How old is the lawn? Seeded or sodded? Is this your 1st summer with it?

RI is one of my favorite places BTW.


----------



## Reaper (Jul 11, 2017)

Don't know how old it is, the house is 62 years old so I'm assuming the lawn is the same? Assume it's seed.

This is my 4th summer with it and it has progressively gotten worse each year. However, one big change that happened 2 winters ago was we had to have two huge Oak trees taken down which opened up a lot of sun to the area in the 3rd and 4th pics. So maybe the grass is still getting acclimated to the extra sun, but that doesn't explain why the heavy brown spots are only in the middle.


----------



## tgoulart (Jun 21, 2018)

Brown Patch? Did you apply a fungicide?


----------



## Reaper (Jul 11, 2017)

I did not. Do you think it's a fungus?


----------



## Reaper (Jul 11, 2017)

It does look like Brown Patch, but that area gets a lot of sun so it's hard to believe a fungus could grow there.

Maybe I'll put some DiseaseEx down and see what happens.


----------



## nocsious (May 14, 2018)

Looks like it could be brown patch. You might be right that the varieties growing under the tree weren't good in full sun. Seed in the Fall.


----------



## Reaper (Jul 11, 2017)

Is there any chance it could be grubs? I don't have any damage that looks to be from animals but I'll dig into the dirt a little bit tonight to see if there's any in there.


----------



## nocsious (May 14, 2018)

Reaper said:


> Is there any chance it could be grubs? I don't have any damage that looks to be from animals but I'll dig into the dirt a little bit tonight to see if there's any in there.


I doubt it, but it's easy to check for grubs. If the turf peels back easy you'll see them there mocking you. Most of the nasty grub damage occurs later. It's not to late to put down the preventative grub treatment. Honestly I wouldn't even bother to put down a fungicide at this point. Just wait and put down some proven varieties of seed in the Fall.


----------



## Green (Dec 24, 2017)

Also, do a screwdriver test to see how hard the soil is in those spots, or if there are a lot of rocks underneath it.

Looks like mostly Tall Fescue...is that correct?


----------



## tgreen (Oct 20, 2018)

Reaper said:


> Need some help with these spots. I know it's not a watering issue as I have an irrigation system and we've also had a s--- ton of rain recently, and the spots are only in select areas. If it was a water/sun issue I assume the spots would be all over.
> 
> So what is causing this?? I do the standard weed application in early Spring, then Milorganite fertilizer following the recommended timeline. The lawn definitely needs to be aerated as the soil is super hard, but could that be causing the grass to die in only specific areas? After talking with a co-worker I realized I do not apply Lime at all, is this necessary?

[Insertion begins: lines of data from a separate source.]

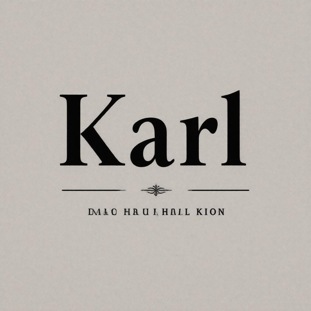 Generate an image of a strong, classic, and elegant masculine nameplate or monogram, featuring the name "Karl" in a bold, serif font, reminiscent of traditional German or Scandinavian typography, with a subtle nod to the notable bearers of the name, set against a neutral background that evokes a sense of timelessness and sophistication.
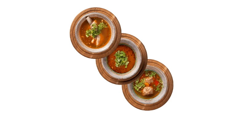- Перші страви. Можна спробувати легкий курячий бульйон, окрошку по-грузинськи, наваристу шурпу, харчо та інші страви.
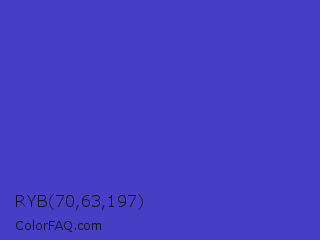RYB 70,63,197 Color is a normal indigo color and the nearest color is Ocean Blue #4f42b5. Hex code #463fc5 and RGB value is rgb(70,63,197). In RGB color space, this color is composed of 27% red, 25% green, 77% blue, In CMYK color space, this color is composed of 64% cyan, 68% magenta, 0% yellow , 23% black , In HSL color space, this color has a hue angle of 243° , 54% saturation and 51% lightness.

Will it help these spots?
> 
> ...


I see your concern and something is definitely wrong. Your neighbor across the street looks fine. I think the trees you had removed are the culprit. I can clearly see the bright green area where one of them was. The brown areas seem to be radiating from that spot. Did the tree company grind down the stump to 4+ inches and did they remove the shavings? It could be that the roots and shavings are robbing nitrogen from the soil. I don't know the right answer but I would probably get a soil test and try to figure out what the soil underneath the lawn looks like. Is it decaying roots that are robbing nitrogen from the soil?


----------



## tgreen (Oct 20, 2018)

Also, no....don't put down lime like your coworker said. Get a soil test first and if it says to apply lime then do it


----------



## Reaper (Jul 11, 2017)

No grubs. I pulled a couple areas of the turf to check, didn't see anything moving around.

The tree stumps were ground down and there were shavings left, but the grinding happened January 2018, so everything has been gone for a full season. The green spot that you see is where a Dogwood was and I planted some TTTF last Fall. The areas where I put the TTTF came in nicely (except for the seed that died due to the leaves smothering it) and remain fully green.

The soil around this area is extremely hard, so definitely will be aerating the whole front yard around the end of August. Will also be doing a soil test.

I ended up putting down some DiseaseEx 1 week ago just to see if it helped. I do not see any change at all, I'm actually fairly positive it has gotten worse.

Can anyone offer a definitive explanation as to what this could be?


----------



## g-man (Jun 15, 2017)

When the tree was removed, did you apply new seeds? What type of seed?

The grass around a tree that provides shade tends to be a fine fescue since it survives being in the shade. Now with the tree removed, that grass will not tolerate the sun.


----------



## M32075 (May 9, 2019)

I would definitely do a tall fescue over seed late August. Me personally would do a full renovation I think you have a lot of fine fescue in there that doesn't like full sun.


----------



## Bman1 (Dec 8, 2018)

Get a soil test before applying lime. New England soil tends to be sandy and acidic. Those brown patches could've been poa annua checking out because of the heat. 
Get a soil test and plan on repairing 3rd week of August.


----------



## Reaper (Jul 11, 2017)

As I stated, I planted TTTF last Fall, the nice green patch you see is TTTF.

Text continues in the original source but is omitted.